After handling missing values by:
1. Dropping columns with more than 50% missing data.
2. Imputing the remaining missing values with the median.

We are left with a cleaner, more reliable dataset containing the following columns:

- **`STATION`**: Station identifier.
- **`NAME`**: Name of the station.
- **`LATITUDE`**: Latitude of the station.
- **`LONGITUDE`**: Longitude of the station.
- **`ELEVATION`**: Elevation of the station.
- **`DATE`**: The date of the observation.
- **`AWND`**: Average wind speed.
- **`PGTM`**: Peak gust time.
- **`PRCP`**: Precipitation.
- **`TMAX`**: Maximum temperature.
- **`TMIN`**: Minimum temperature.
- **`WDF2`**: Wind direction (2-minute average).
- **`WDF5`**: Wind direction (5-second maximum).
- **`WSF2`**: Wind speed (2-minute average).
- **`WSF5`**: Wind speed (5-second maximum).

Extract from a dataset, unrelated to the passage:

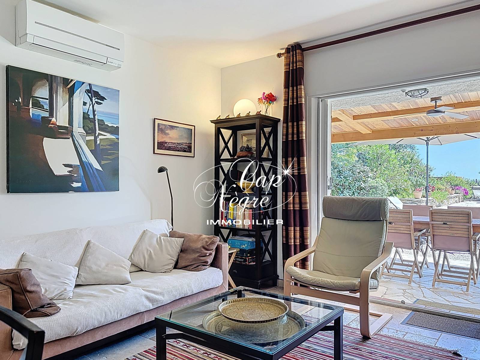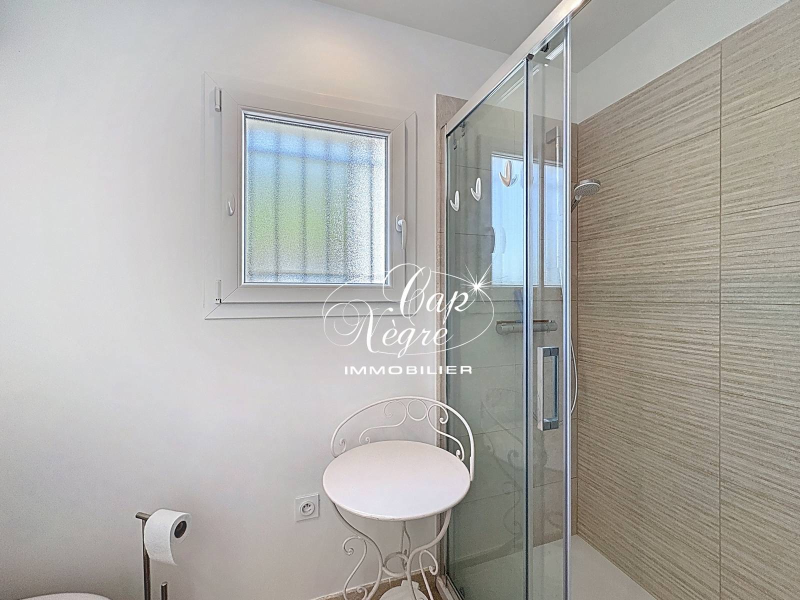Maison mitoyenne de plain-pied située sur les hauteurs du Lavandou, dans un quartier calme et résidentiel. Cette propriété offre un environnement paisible avec une végétation luxuriante.

This cleaned dataset is now ready for further exploration and modeling for **wildfire prediction**.


In [21]:
# Save the CAL_FIRE dataframe to a CSV file
weather_df.to_csv('Weather_Database.csv', index=False)

In [25]:
weather_df.shape

(55999, 15)

## 🌲 NOAA Weather Data Columns: Full Forms & Wildfire Relevance

### 🛰️ Station Metadata
- **STATION**: Unique identifier for the weather station.
- **NAME**: Name of the station (helps geolocate the readings).
- **LATITUDE** / **LONGITUDE**: Coordinates of the weather station — crucial for mapping to fire locations.
- **ELEVATION**: Station elevation above sea level (in meters) — impacts temperature, wind, and precipitation.

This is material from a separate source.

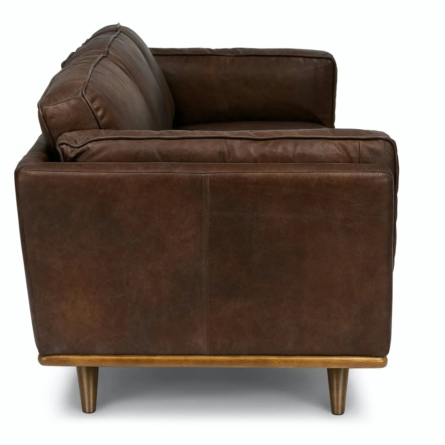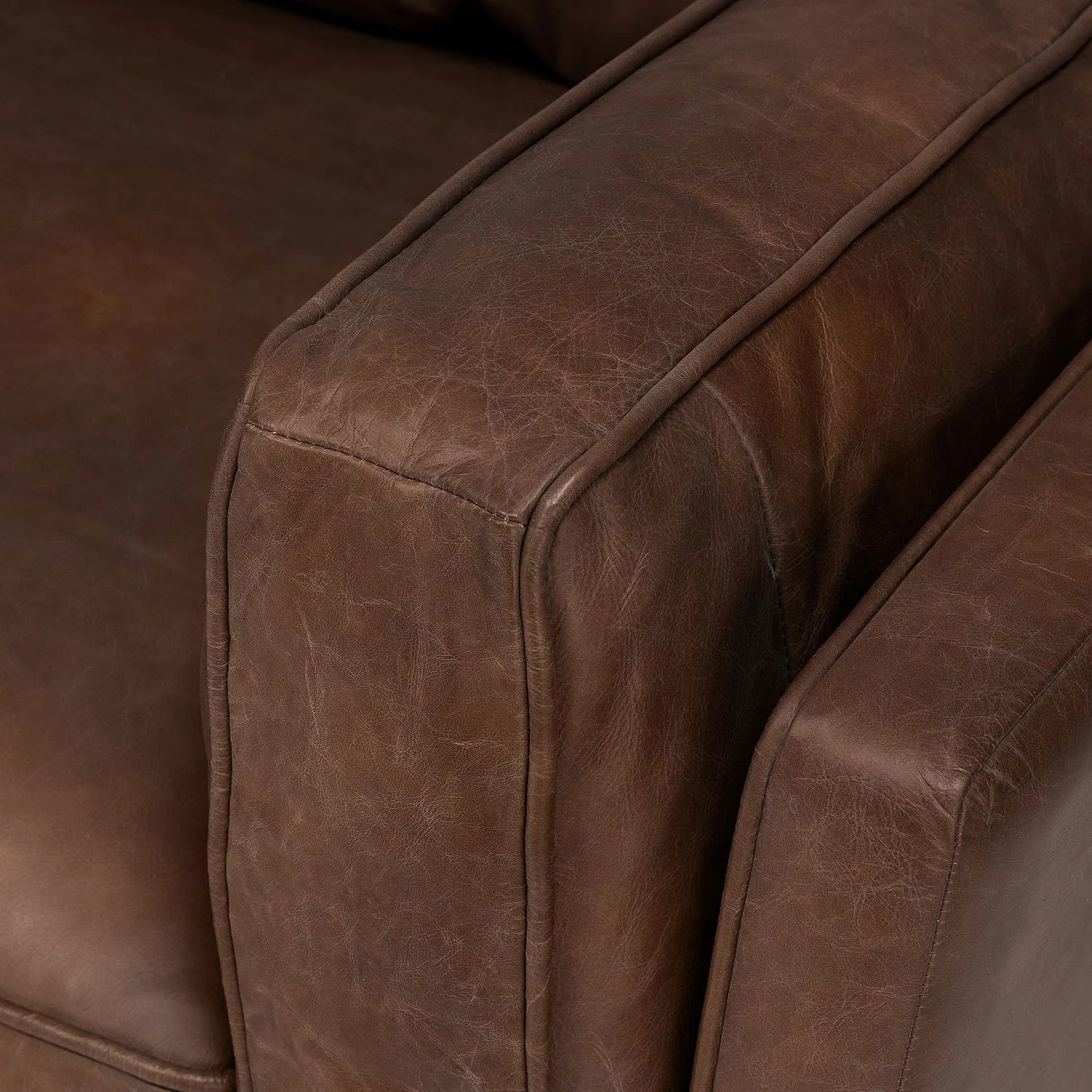 For those who appreciate luxury and durability, the Lumo Three-Seater in genuine leather offers exceptional comfort and ample space for lounging or hosting. Built with a solid teak wood frame and legs, this sofa is designed to last a lifetime. The cushions, filled with a premium blend of foam and down feathers, deliver a plush yet supportive seating experience. With loose seat and back cushions, plus two arm cushions, the sofa provides an inviting balance of structure and softness. Upholstered in top-grain genuine leather, the Lumo not only looks sophisticated but is also easy to maintain. Assembly is simple and takes just 15 minutes, making it ready for use in no time.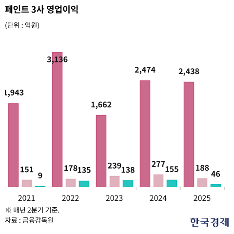 20일 금융감독원 전자공시시스템에 따르면 KCC의 올 상반기 연결 기준 매출과 영업이익은 3조3045억원, 2438억 원으로 각각 1.8%, 1.4% 감소하며 사실상 전년 동기 수준을 유지했다. 같은 기간 노루페인트는 매출(3965억원)이 소폭 감소(-1.4%)하며 선방했다. 하지만 고환율에 따른 원자재 가격 부담으로 영업이익이 32%나 줄었다. 삼화페인트도 매출(3107억원)은 3.8% 감소에 그쳤으나 영업이익은 3분의 1로 급감하며 수익성 악화를 면치 못했다.

These help in **spatial matching** with California wildfire locations (e.g., FRAP dataset).

---

### 📅 Temporal Data
- **DATE**: The observation date (YYYY-MM-DD) — used to align weather conditions with wildfire start dates.

---

### 🌬️ Wind Features
- **AWND**: *Average Daily Wind Speed* (in meters per second)  
  ⏩ High wind speeds increase wildfire spread potential and direction.

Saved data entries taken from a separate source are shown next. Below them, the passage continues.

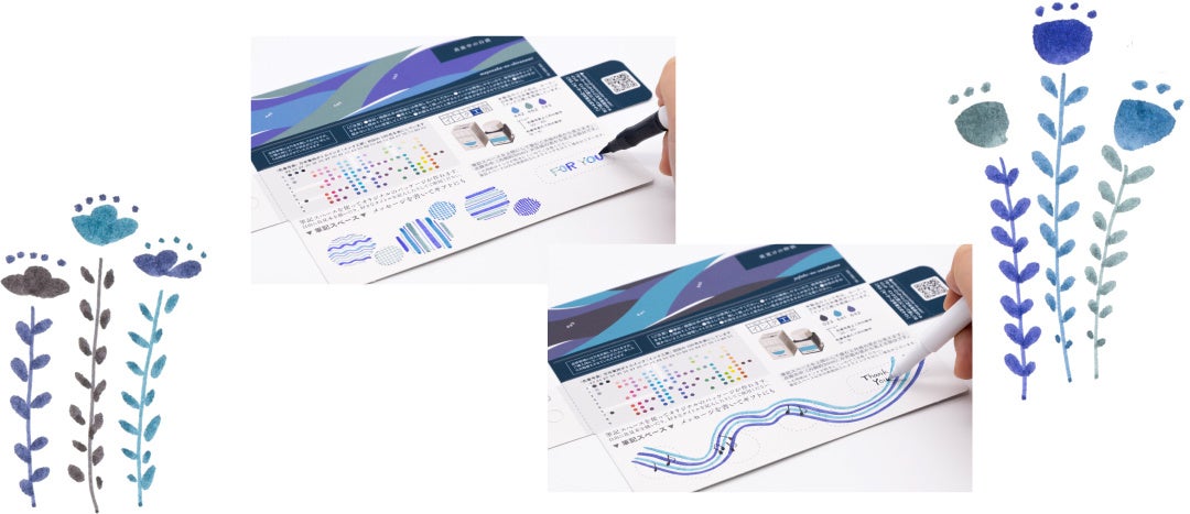 中台紙の筆記スペースにお好きな柄やイラストを描いてオリジナルのパッケージを作れます。
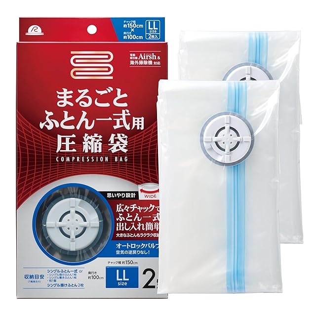 アール(R) .co.jp限定 圧縮袋まるごとふとん一式用(4枚セット) バルブ式 掃除機不要 A-1008(RE-003x2)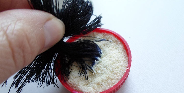 Теперь возьмем эту заготовку и аккуратно начнем макать края ниток сначала в клей ПВА, а затем в манку. У нас получились такие красивые тычинки. Отлаживаем их для высыхания клея.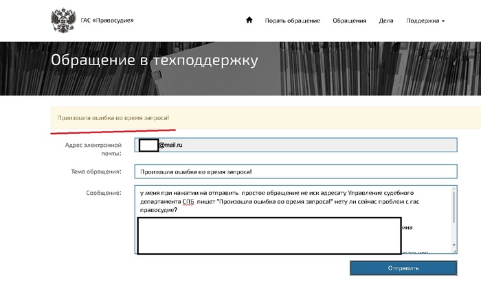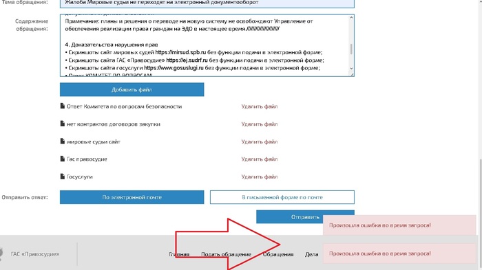 Когда я писал полдня жалобу и каждый файл прикладывал по отдельности и вводил имя и тут у меня на ГАС "Правосудие" при нажатии на "отправить", простое обращение не иск, адресату Управление судебного департамента СПБ пишет "Произошла ошибка во время запроса!" так же пишет при попытке отправить в техподдержку ГИС ЖКХ.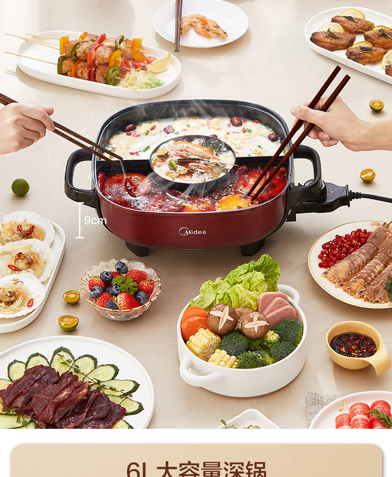 Midea Electric Hot Pot Conclric Circular Shabu -Shabu Многофункциональная бытовая электроэнергия вареное горячее жаркое безжилочное горшок Официальный флагман подлинный

- **WDF2** / **WDF5**: *Direction of Fastest 2-minute / 5-second Wind*  
  ⏩ Indicates wind direction before and during peak gusts — important for modeling spread direction.

- **WSF2** / **WSF5**: *Fastest 2-minute / 5-second Wind Speed*  
  ⏩ Sudden wind gusts can ignite or rapidly expand fires — useful for early risk detection.

---

### 🌧️ Precipitation & Soil Moisture
- **PRCP**: *Daily Precipitation* (in tenths of mm)  
  ⏩ Less rainfall = drier vegetation → higher fire risk.

- **PGTM**: *Peak Gust Time*  
  ⏩ When the peak wind gust occurred. Combined with wind speed and fire start times, it can reveal ignition patterns.

---

### 🌡️ Temperature
- **TMAX**: *Maximum Daily Temperature* (tenths of °C)  
  ⏩ Hot days dry out fuel sources faster, increasing risk.

- **TMIN**: *Minimum Daily Temperature* (tenths of °C)  
  ⏩ Helps understand diurnal variation; low nighttime temps slow spread, but warm nights can maintain combustion.

---

## 🔥 Summary: Why These Features Matter for Wildfires

These variables represent **key fire-driving weather patterns**:
- Wind (spread and direction)
- Temperature (fuel ignition and drying)
- Precipitation (fuel moisture)
- Location + Time (to align with fire incidents)

When merged with the **California FRAP wildfire dataset**, they can help **build predictive models**, **assess fire risk**, or **analyze historical trends**.

---

### 🚀 Data Cleaning & Readiness

The dataset has been **cleaned** by addressing missing values, imputing with the median, and dropping columns with more than 50% missing data. It is now **ready to be merged** with other relevant datasets, like the **California FRAP wildfire dataset**, for further analysis, prediction, and model building for wildfire cause prediction and risk assessment.